Lattice Boltzmann Method for Evaluating Hydraulic Conductivity of Finite Array of Spheres

Mário A Camargo 1, Paulo C Facin 1, Luiz F Pires 1,*
PMCID: PMC3361301  PMID: 22654624

Abstract

The hydraulic conductivity (K) represents an important hydrophysical parameter in a porous media. K direct measurements, usually demand a lot of work, are expensive and time consuming. Factors such as the media spatial variability, sample size, measurement method, and changes in the sample throughout the experiment directly affect K evaluations. One alternative to K measurement is computer simulation using the Lattice Boltzmann method (LBM), which can help to minimize problems such as changes in the sample structure during experimental measurements. This work presents K experimental and theoretical results (simulated) for three regular finite arrangements of spheres. Experimental measurements were carried out aiming at corroborating the LBM potential to predict K once the smallest relative deviation between experimental and simulated results was 1.4%.

1. Introduction

Hydraulic conductivity (K) is an important parameter in processes of fluid flow in porous media. K indicates how easily certain fluid is transported through porous media, and depends on the media properties as well as percolating fluid characteristics. Pore size distribution, type of pores, tortuosity, and connectivity are some of the factors related to the porous media. Regarding the percolating fluid, its viscosity (v) is the main factor related to K measurements [1]. For example, increase in water temperature reduces its viscosity and potentially increases K.

K determinations are usually characterized by great variability due to factors such as media spatial variability, sample size, measurement method, changes in the sample throughout the experiment, and others [2]. Therefore, representative determination of K requires several measurements and samples. Direct K measurements are usually expensive and demand hard and thorough technical work [3].

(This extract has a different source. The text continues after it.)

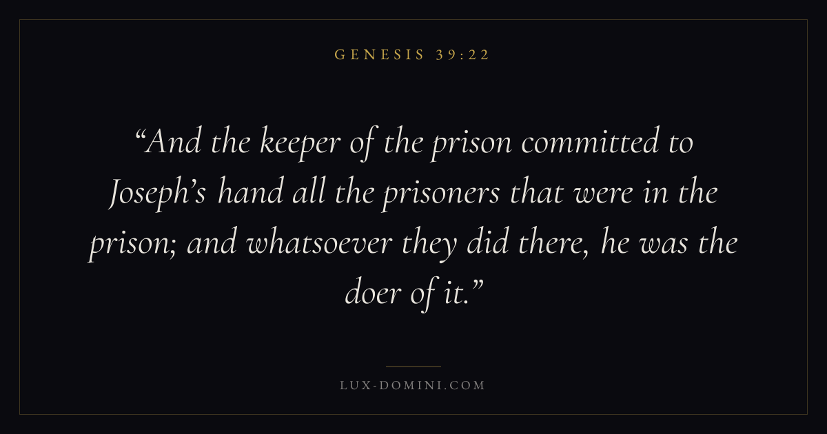 And the keeper of the prison committed to Joseph’s hand all the prisoners that were in the prison; and whatsoever they did there, he was the doer of it.

Theoretical models and numeric simulations which enable K measurement from information about the porous media structure might be an interesting alternative to predict this physical parameter [47].

One theoretical tool that can be successfully used to predict K is the Lattice Boltzmann method (LBM) [8, 9]. The LBM is based on evolution of a relaxation equation for fluid particles distribution function, which is related to density and fluid macroscopic momentum. In the LBM equation, there is input data, which is the relaxation time that is related to the number of time steps so that the thermodynamic equilibrium is reached defining fluid viscosity [10]. The LBM can reproduce the macroscopic behavior of a fluid according to the Navier-Stokes (NS) equation. Relative easiness of computation implementation and numeric stability, in a great variety of flow conditions, makes the LBM ideal for treatment of fluid flow in porous media [11].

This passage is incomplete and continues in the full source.